Мальчиком Юлиус является к чайному столику своей тети; улыбка компенсирует отсутствие приглашения (он бы не стал придавать этому значения, но, возможно, они придают). Его приветствуют какой-то фразой, в которой он так много мог уловить как своего, но, правда, с нотками нетерпения. Вы с Фанни разминулись всего На минуту, говорят ему, она пошла играть в теннис с друзьями, с кем-то из ее «команды», но ведь ты побудешь немного, выпьешь чашку чая? — спрашивает его тетя, приподняв подведенную бровь. Бессмысленно дожидаться Фанни, когда она проводит вечер с друзьями. Может, мы ее заменим? Это чисто формальный вопрос, для нее это обычное дело. Он будет застенчиво сидеть в гостиной, где сплошь хром и стекло, где дерево — светлое, а занавески — ослепительно белые, и этот неуют предпочитать родительской квартире, такой темной и невзрачной, обставленной еще его бабушкой и дедом, которые держали в ежовых рукавицах свою почтительную дочь и мягкотелого зятя; Анна, непочтительная дочь, удрала от них без оглядки. Ее брак с протестантом сочли столь ужасным проступком, что прощения ей не было, несмотря на то, что Губертус был славным человеком и разумная доля его дохода обеспечивала безбедную старость деспотичных стариков, не перестававших его поносить. Вероятно, соглашаться с ними в этом вопросе приходилось просто потому, что иначе было не прожить. Как бы там ни было, связанные с этим моральные неудобства придавали Анне и Губертусу флер просвещенной четы, каковой, возможно, они и были в действительности, а их дом превращали в приют всего передового, чего Юлиус так жаждет. Даже если Фанни не оказывается дома — а она так редко там оказывается, — он ощущает ее присутствие, представляет себе, как она берет теннисную ракетку, он мысленно следует за ней, проникаясь ее настроением, когда она выходит на яркое полуденное солнце. Образ настолько привлекателен, что свой незапланированный визит он считает удачным и уносит домой впечатления, которые пополнят его скудную казну, и уже мечтает о другом подобном вечере, когда она обязательно будет дома и обрадуется его приходу.

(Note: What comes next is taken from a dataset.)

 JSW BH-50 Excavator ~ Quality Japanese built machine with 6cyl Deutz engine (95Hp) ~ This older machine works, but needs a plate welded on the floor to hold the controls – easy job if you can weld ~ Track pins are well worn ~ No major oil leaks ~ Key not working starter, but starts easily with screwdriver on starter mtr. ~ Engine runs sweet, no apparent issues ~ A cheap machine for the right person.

Фанни Бауэр! Во сне она была по-прежнему молодой, красивой, она могла разбить сердце любому, и ее надменность была неотъемлемой частью ее шарма. Во сне его собственный возраст определить было трудно, но он узнал ту улыбку, которая на самом деле никогда его не покидала. Когда он наконец смирился с тем, что дни похожи один на другой, то осознал, ясно, без тени сомнения, что он — семидесятитрехлетний «пенсионер», как называют стариков, которым нечем занять себя, а Фанни на целый год его старше. На самом деле, когда он в последний раз ее видел в Нионе, в отеле «Бо Риваж», она уже была не такой. Он разыскал ее после своего развода, чтобы просить ее стать его женой. Пред ним предстала степенная полная женщина, которая не обладала даже тем шиком, который был присущ ее матери.
— Юлиус! — воскликнула она. — Каким ветром тебя сюда занесло?

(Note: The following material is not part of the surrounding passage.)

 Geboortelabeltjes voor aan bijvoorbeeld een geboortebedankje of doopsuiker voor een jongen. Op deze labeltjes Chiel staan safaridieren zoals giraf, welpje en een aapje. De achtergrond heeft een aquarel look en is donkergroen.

И он изложил ей свою просьбу, чересчур поспешно для такого рода дел, без должной подготовки и не в той обстановке, и жестом все еще красивой руки она была отклонена. Он не сказал Фанни, что проследил ее жизнь путем необязательного детективного расследования, ибо что там было расследовать? Он знал уже, что Фанни и ее мать, благодаря дальновидности Губертуса, переехали в Швейцарию, в самый мирный и нейтральный из приозерных городков — до тех пор, пока не улучшилась обстановка. Он знал, что не менее дальновидная тетушка Анна подыскала своей дочери мужа — архитектора по фамилии Меллерио, который взял их обеих на службу и поселил в своей уродливой вилле, из которой они удирали, как только выдавалась такая возможность, пить чай с пирожными в английской чайной или сидеть на террасе «Бо Риваж», куда они самым естественным образом переместились после смерти Меллерио, разбившегося во время инспекции какой-то своей стройки. После продажи его дома и бизнеса они остались неплохо обеспеченными; отель их устраивал, точнее сказать, их устраивала гостиничная жизнь, подходящая людям, лишившимся своих корней, для которых все лишь временно. Они были в безопасности, более чем по тому времени, однако на самом деле никогда не были у себя дома, потому что дом более не существовал, стертый с лица земли бомбами союзников, и Губертуса, который придумывал, что всем им делать, больше не было в живых.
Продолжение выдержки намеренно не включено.